2023 Award "Best Practice in Citizen Participation"
17th Edition
Quezon City: “LET’S GO QC, LET’S GROW QC!”
The GrowQC program has been recognized both locally and internationally as a best practice for community empowerment and participation to meet SDG#2 – Zero Hunger, SDG#8 – Decent Work, and SGD#3 Good Health and Well-Being
With over 600 urban farms and gardens established and over 15,000 urban gardeners as of April 2023, GrowQC’s action to enhance urban food production through the Joy of Urban Farming project proves that this program is timely and relevant especially during the hardest of lockdowns, and even post-pandemic where high prices of food are felt due to the disruption in the food chain brought about by Russia’s war on Ukraine.
With an inclusive and participative mindset, guided by SDG#17 – Partnerships for the Goals, GrowQC was awarded the TOP10 Galing Pook Award for 2021. Enabling policies like a) Executive Order 32 - the creation of the QC Food Security Task Force, b) Ordinance SP 2972 - Idle Land Tax Incentive, c) Executive Order 16 s.2021 - QC Healthy Public Food Procurement Policy, d.) Ordinance SP 3071 s.2021 – PangkabuhayanQC and innovative programs like a) Urban Community Model Farms, b) Aquaculture as a healthier food source, c) Zero waste management – converting market and industrial biodegradable waste into useful farm inputs, and now d) Food Surplus Rescue – rescuing edible food to feed the vulnerable has allowed the initiative to grow and thrive. As a Galing Pook awardee, the GrowQC initiative is a best practice that other cities can emulate.
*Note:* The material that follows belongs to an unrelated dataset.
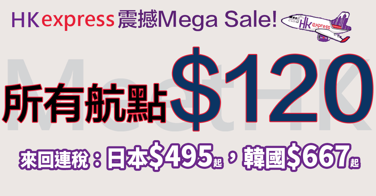 嘩嘩嘩!全線$120 Mega Sale!今晚12點必搶!所有航點單程只需$120 – HK Express (優惠至12月12日)
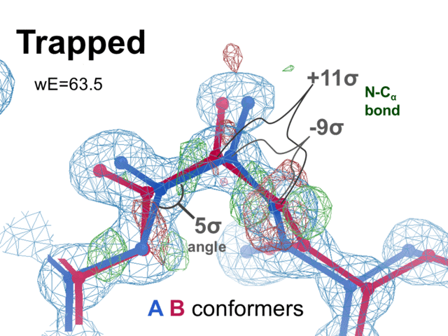 Now refine otw39.pdb against the same data as before: refme.mtz. This model has exactly the same atoms as best.pdb with exactly the same connectivity, but refined from a different starting position. The stats are notably worse: Rfree=3.4%, wE=63.5. Several geometry outliers are striking, such as the N-Cα bond of Ala39, which is 11 sigmas too long. It may surprise many that refinement does not fix this: not refmac5, not coot, not shelxl, not phenix.refine, simulated annealing or any standard protocols therein can turn otw39.pdb into best.pdb, despite them being rms 0.02 A different. otw39.pdb is trapped in a local minimum. That is the animated picture at the top of this page.

Over 68% of QC’s urban farmers are women. Many of the model urban farms are run by empowered women who can better take care of their families by having the capacity to feed their children and even their communities. Other innovative and inspiring urban farms are led by Peoples with Disabilities (PWDs) who have shown the way to show that “if there is a will, there is a way!”
Through GrowQC, citizens also rekindled the Filipino cultural value of Bayanihan – citizens uniting in heroism for the community. We have seen countless volunteer movements from youth to uniformed personnel helping out to clean, clear, and land prepare idle and trash-filled lands into beautiful and productive food spaces, even simple everyday citizens who patronize urban farmer’s produce.
The other focus of GrowQC is the improvement of food systems. Our successful Kadiwa-GrowQC wholesale food market partnership with the Department of Agriculture has paved the way for the establishment of Kadiwa ni BBM and Hapag kay BBM national food security programs, championed by the President. These programs adopted QC’s efforts of linking local urban food production in urban peri-urban agri-food systems.
Currently, QC’s legislative arm created a new committee on food security and urban farming. The City now has two Urban Farmers duly elected as sectoral representatives for urban agriculture in the QC People’s Council. Moreover, more departments outside the Food Security Task Force are now engaging food security by integrating nature-based solutions like rainwater harvesting and biodigesters and integrating city designs to contribute to the initiative.